SYSTEM Cited by 3 sources
Unity Catalog (Databricks)¶
Unity Catalog (UC) is Databricks' unified governance solution for data and AI assets. Three distinct faces show up across ingested sources:
- As Databricks' internal governance/catalog service — the stateless-service-turned-Dicer-backed sharded in-memory cache from the Dicer case study.
- As the hub in a customer-facing data mesh — the global catalog Mercedes-Benz federates AWS Iceberg tables into and shares via Delta Sharing to Azure consumers.

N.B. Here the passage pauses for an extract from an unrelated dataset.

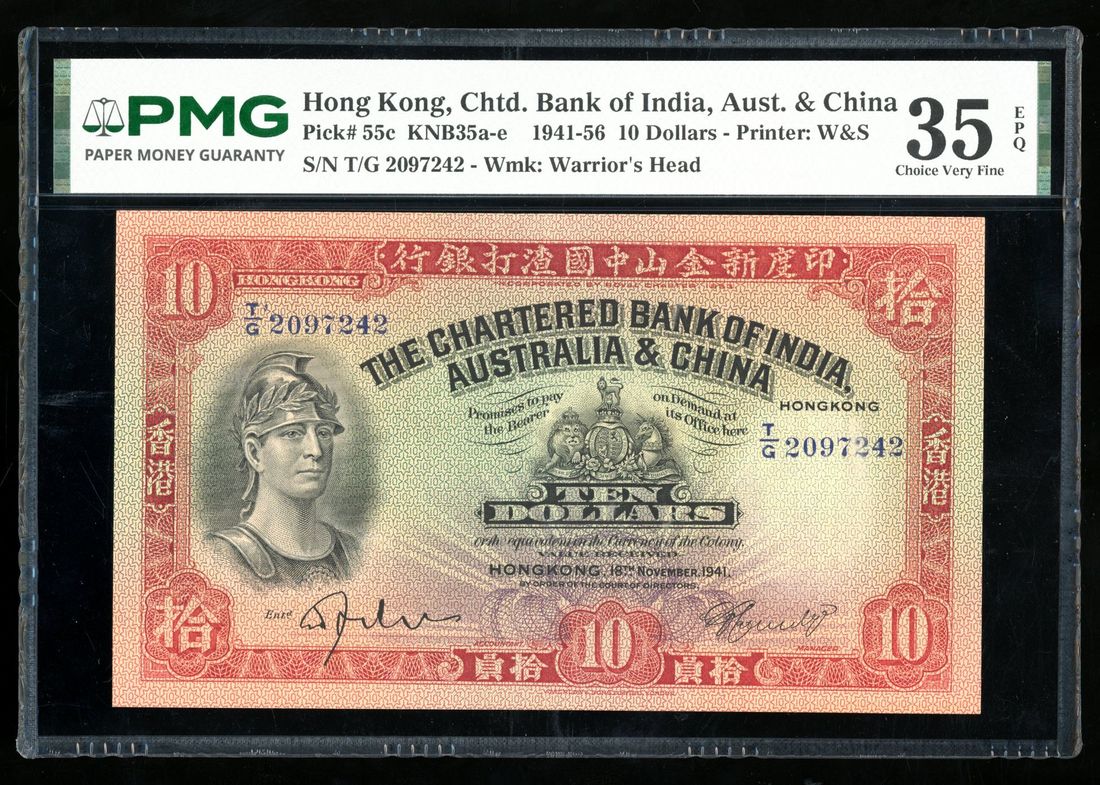 Chartered Bank of India, Australia & China, Hong Kong, $10, 18.11.1941, serial number T/G 20972422, (Pick 55c), PMG 35EPQ. Original example

- As the audit / telemetry substrate for Unity AI Gateway — coding-agent + MCP audit logs plus OpenTelemetry-sourced metrics/traces from all governed AI traffic land in UC-managed Delta tables, making AI telemetry a first-class Lakehouse dataset joinable with business data. See sources/2026-04-17-databricks-governing-coding-agent-sprawl-with-unity-ai-gateway + patterns/telemetry-to-lakehouse + systems/unity-ai-gateway.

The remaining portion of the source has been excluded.